2. Description of the Related Art
A known fuel pump generally comprises a casing and an impeller rotatably disposed within the casing. A first group of concavities is formed in a lower surface of the impeller. A second group of concavities is formed in an upper surface. The concavities are repeated in a circumferential direction. A first groove is formed in a first inner surface of the casing in an area that faces the first group of concavities of the impeller. A second groove is formed in a second inner surface of the casing in an area that faces the second group of concavities of the impeller. The first and second grooves extend in a circumference direction from an upstream end to a downstream end, respectively. A pump channel is formed inside the casing by the groups of concavities of the impeller and the grooves of the casing. An intake hole and a discharge hole are formed in the casing. The intake hole links the upstream end of the pump channel and the exterior of the casing. The discharge hole links the downstream end of the pump channel and the exterior of the casing. When the impeller rotates, the fuel is drawn from the intake hole into the pump channel. The fuel drawn into the pump channel flows from the upstream end to the downstream end of the pump channel, while the pressure thereof is increased. The pressurized fuel is discharged to the outside of the casing via the discharge hole.
In this known fuel pump, a clearance is provided between the casing and the impeller. Where the clearance is large, the fuel in the pump channel easily leaks from the pump channel to the clearance and high pump efficiency cannot be obtained. Therefore, in order to obtain high pump efficiency, it is necessary to decrease the clearance and reduce fuel leakage from the pump channel. However, if the clearance is too small, the casing and the impeller come into surface contact and sliding resistance increases, thereby decreasing pump efficiency. Thus, because of this trade-off relationship between the reduction in sliding resistance and reduction in fuel leakage, a technology is required that can realize the two at the same time.
Japanese Laid-open Patent Application Publication No. 6-213195 discloses a fuel pump in order to solve this problem. In this fuel pump, a plurality of concave portions is formed in the entire inner surface of the casing. The concave portions are formed as dots or grooves, and the concave portions are separated from each other.
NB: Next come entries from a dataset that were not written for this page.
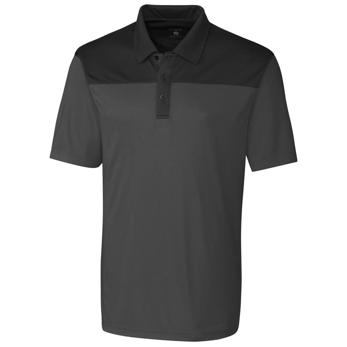 Two contrasting colors work brilliantly for the custom logoed Clique Men’s Titan/Black Parma Colorblock Polo. As one of the most popular golf shirts in the Clique line of company apparel, the versatile polo is also appropriate for wearing at business seminars and conferences. Remember to add your company logo on the embroidery area to take advantage of the attention paid to the polo by your professional peers. Cover stitch detail enhances the aesthetic appeal of the polo, while ensuring the short sleeve shirt does not fray because of frequent use. The 100% polyester fabric resists rips and tears to look as fresh today as it looked the first time you put the polo on.
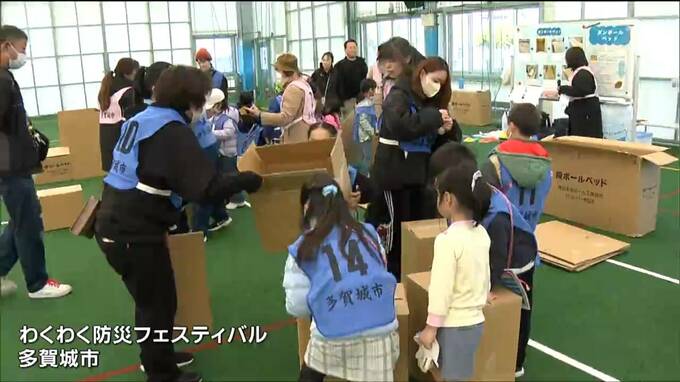 防災について楽しく学んでもらおうというイベントが宮城県多賀城市で開かれ、小学生がダンボールベッドの組み立てなどを体験をしました。
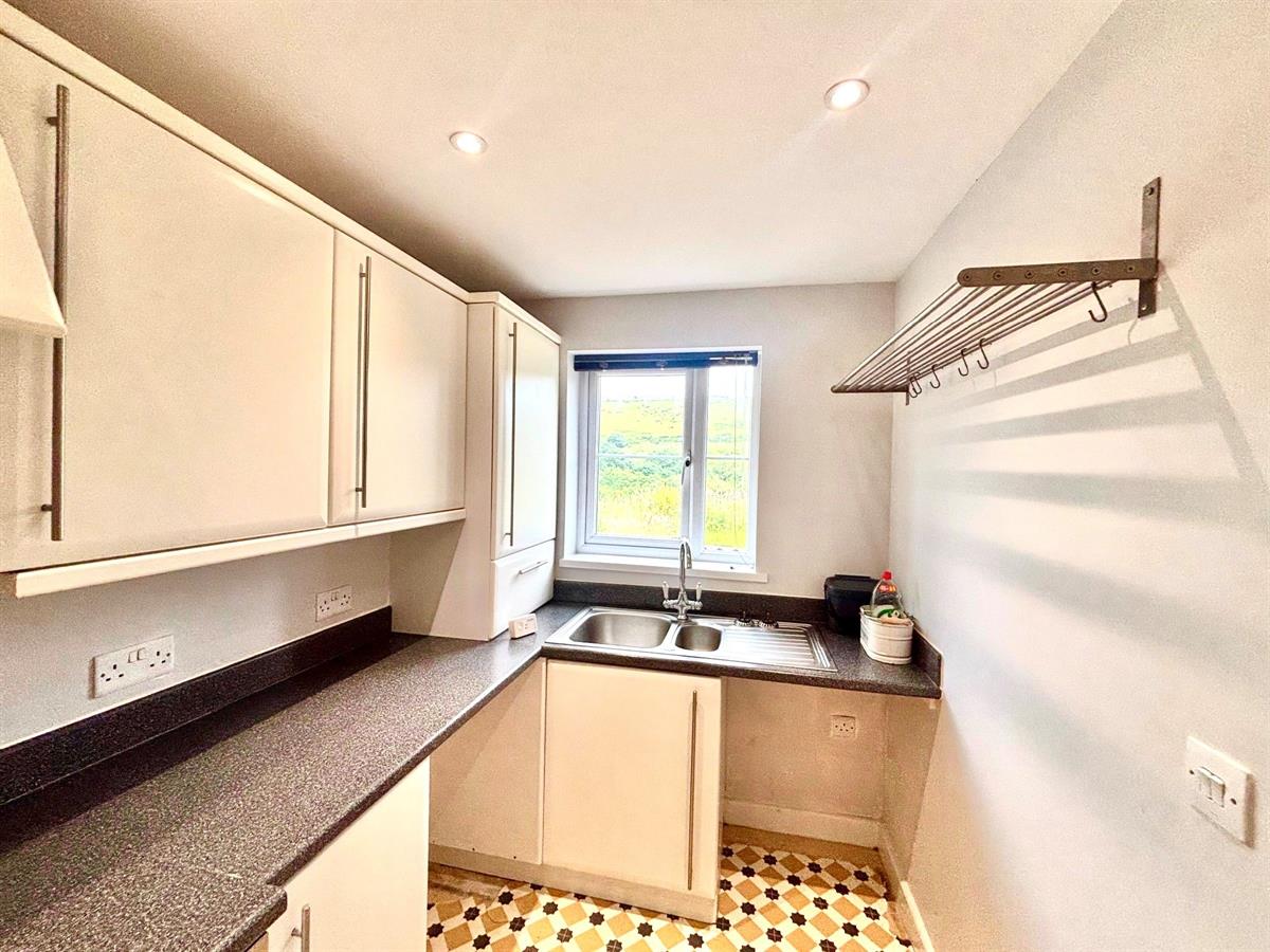UPVC double glazed window to front aspect, matching modern wall and base units, stainless steel sink/drainer, space for fridge/freezer, integrated gas hob and oven with extractor over, space for a table and chairs , plain walls, plain ceiling and vinyl flooring.
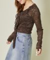 全体に繊細なレースを贅沢に使用し、軽やかで透け感のある印象に。デコルテをきれいに見せてくれるVネックと、フロントの大胆なフリルがアクセントに。やわらかく肌なじみの良い素材感で、着心地も快適。袖までしっかりレース使いされており、細部まで抜かりない仕上がりです。
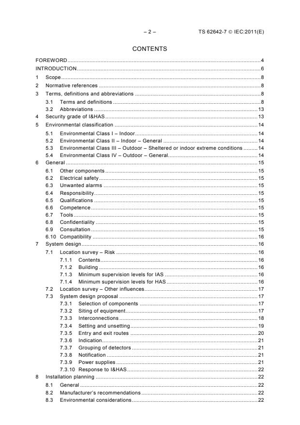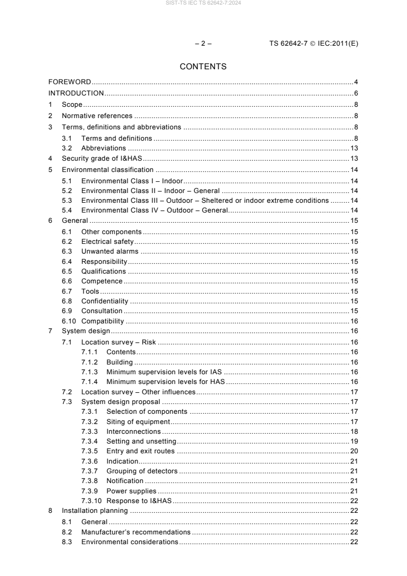Keywords: alarm systems, intrusion and hold-up systems, I&HAS, IEC TS 62642-7:2011, application guidelines, system design, installation, commissioning, maintenance, security grade, environmental classification.

By forming a plurality of concave portions in the inner surface of the casing, the surface tension of the fuel increases and the adhesion force of the fuel inside the clearance between the casing and the impeller increases. As a result, sealing capacity can be improved without unnecessarily reducing the clearance between the casing and the impeller. Thus, with this fuel pump, both the reduction of fuel leakage and the reduction of sliding resistance can be realized.